The impact of enacting this legislation goes beyond mere tax policy. During an event after his Senate committee testimony, Paul pointed out that it’s really about the size and scope of government.

“If you’re for less government, you want sound money. The people who want big government, they don’t want sound money. They want to deceive you and commit fraud. They want to print the money. They want a monopoly. They want to get you conditioned, as our schools have conditioned us, to the point where deficits don’t matter.”

Practically speaking, eliminating taxes on the sale of gold and silver cracks open the door for people to begin using specie in regular business transactions. This marks an important small step toward currency competition.

BACKGROUND

The United States Constitution states in Article I, Section 10, “No State shall…make any Thing but gold and silver Coin a Tender in Payment of Debts.” Currently, all debts and taxes in the US are either paid with Federal Reserve Notes (dollars) which were authorized as legal tender by Congress, or with coins issued by the US Treasury — very few of which have gold or silver in them.

The Federal Reserve destroys this constitutional monetary system by creating a monopoly based on its fiat currency. Without the backing of gold or silver, the central bank can easily create money out of thin air. This not only devalues your purchasing power over time; it also allows the federal government to borrow and spend far beyond what would be possible in a sound money system. Without the Fed, the U.S. government wouldn’t be able to maintain all of its unconstitutional wars and programs. The Federal Reserve is the engine that drives the most powerful government in the history of the world.

Sales tax repeals knock down one of the tax barriers that hinder the use of gold and silver as money, and could also begin the process of abolishing the Federal Reserve’s fiat money system by attacking it from the bottom up – pulling the rug out from under it by working to make its functions irrelevant at the state and local levels, and setting the stage to undermine the Federal Reserve monopoly by introducing competition into the monetary system.

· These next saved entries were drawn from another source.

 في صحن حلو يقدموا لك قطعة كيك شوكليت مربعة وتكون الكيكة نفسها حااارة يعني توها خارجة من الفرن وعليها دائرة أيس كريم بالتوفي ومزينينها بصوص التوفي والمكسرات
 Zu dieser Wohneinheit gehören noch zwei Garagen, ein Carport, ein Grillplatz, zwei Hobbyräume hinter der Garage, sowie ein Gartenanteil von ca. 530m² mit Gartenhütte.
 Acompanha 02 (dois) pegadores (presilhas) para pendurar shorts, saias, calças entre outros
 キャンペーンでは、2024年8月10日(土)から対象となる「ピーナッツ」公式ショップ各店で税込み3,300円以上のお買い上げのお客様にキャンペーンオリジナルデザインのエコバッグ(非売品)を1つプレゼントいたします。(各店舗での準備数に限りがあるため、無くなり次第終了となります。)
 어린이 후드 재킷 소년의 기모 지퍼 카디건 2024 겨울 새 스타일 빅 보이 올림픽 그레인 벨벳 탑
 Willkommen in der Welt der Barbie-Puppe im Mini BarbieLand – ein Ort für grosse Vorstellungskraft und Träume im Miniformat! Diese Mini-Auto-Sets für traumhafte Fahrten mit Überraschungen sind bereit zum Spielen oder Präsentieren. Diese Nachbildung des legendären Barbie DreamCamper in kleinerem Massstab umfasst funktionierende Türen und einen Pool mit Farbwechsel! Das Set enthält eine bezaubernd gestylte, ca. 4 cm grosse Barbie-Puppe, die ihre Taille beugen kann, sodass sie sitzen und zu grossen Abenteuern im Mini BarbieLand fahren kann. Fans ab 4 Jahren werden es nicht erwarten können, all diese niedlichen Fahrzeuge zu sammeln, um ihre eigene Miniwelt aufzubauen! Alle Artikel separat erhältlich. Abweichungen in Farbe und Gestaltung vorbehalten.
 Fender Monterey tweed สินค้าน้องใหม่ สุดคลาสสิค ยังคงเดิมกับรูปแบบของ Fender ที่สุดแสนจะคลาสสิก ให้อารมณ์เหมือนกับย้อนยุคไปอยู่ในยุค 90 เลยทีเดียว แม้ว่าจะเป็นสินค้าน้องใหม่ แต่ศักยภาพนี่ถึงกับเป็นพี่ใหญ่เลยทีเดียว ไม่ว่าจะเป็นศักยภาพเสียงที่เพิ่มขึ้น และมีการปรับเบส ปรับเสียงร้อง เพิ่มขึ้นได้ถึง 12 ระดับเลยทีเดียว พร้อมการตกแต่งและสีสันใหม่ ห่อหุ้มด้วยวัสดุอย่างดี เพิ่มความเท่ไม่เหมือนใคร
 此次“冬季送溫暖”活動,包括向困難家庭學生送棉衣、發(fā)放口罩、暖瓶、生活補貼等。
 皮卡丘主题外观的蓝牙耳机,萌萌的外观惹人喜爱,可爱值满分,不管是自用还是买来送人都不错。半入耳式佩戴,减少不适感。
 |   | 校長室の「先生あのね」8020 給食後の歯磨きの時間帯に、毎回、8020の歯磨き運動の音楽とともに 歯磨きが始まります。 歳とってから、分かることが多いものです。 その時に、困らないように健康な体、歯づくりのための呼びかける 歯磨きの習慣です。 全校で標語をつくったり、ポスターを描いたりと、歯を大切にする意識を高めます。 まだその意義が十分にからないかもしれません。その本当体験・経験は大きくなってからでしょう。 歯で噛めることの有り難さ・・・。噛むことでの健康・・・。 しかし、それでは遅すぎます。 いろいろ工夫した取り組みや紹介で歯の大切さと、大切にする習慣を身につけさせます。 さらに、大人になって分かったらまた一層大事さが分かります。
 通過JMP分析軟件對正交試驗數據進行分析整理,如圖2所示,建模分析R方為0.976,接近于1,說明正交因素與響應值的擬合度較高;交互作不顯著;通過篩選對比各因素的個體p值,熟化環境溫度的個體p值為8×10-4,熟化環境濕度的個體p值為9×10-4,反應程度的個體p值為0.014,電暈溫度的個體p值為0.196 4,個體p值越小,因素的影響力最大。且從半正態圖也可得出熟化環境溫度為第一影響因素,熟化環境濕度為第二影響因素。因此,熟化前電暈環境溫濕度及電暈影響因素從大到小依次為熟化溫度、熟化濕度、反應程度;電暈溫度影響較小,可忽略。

In a paper presented at the Mises Institute, Constitutional tender expert Professor William Greene said when people in multiple states actually start using gold and silver instead of Federal Reserve Notes, it would effectively nullify the Federal Reserve and end the federal government’s monopoly on money.

“Over time, as residents of the state use both Federal Reserve notes and silver and gold coins, the fact that the coins hold their value more than Federal Reserve notes do will lead to a “reverse Gresham’s Law” effect, where good money (gold and silver coins) will drive out bad money (Federal Reserve notes). As this happens, a cascade of events can begin to occur, including the flow of real wealth toward the state’s treasury, an influx of banking business from outside of the state – as people in other states carry out their desire to bank with sound money – and an eventual outcry against the use of Federal Reserve notes for any transactions.”

Once things get to that point, Federal Reserve notes would become largely unwanted and irrelevant for ordinary people.

These bills make up part of a broader movement at the state level to support sound money.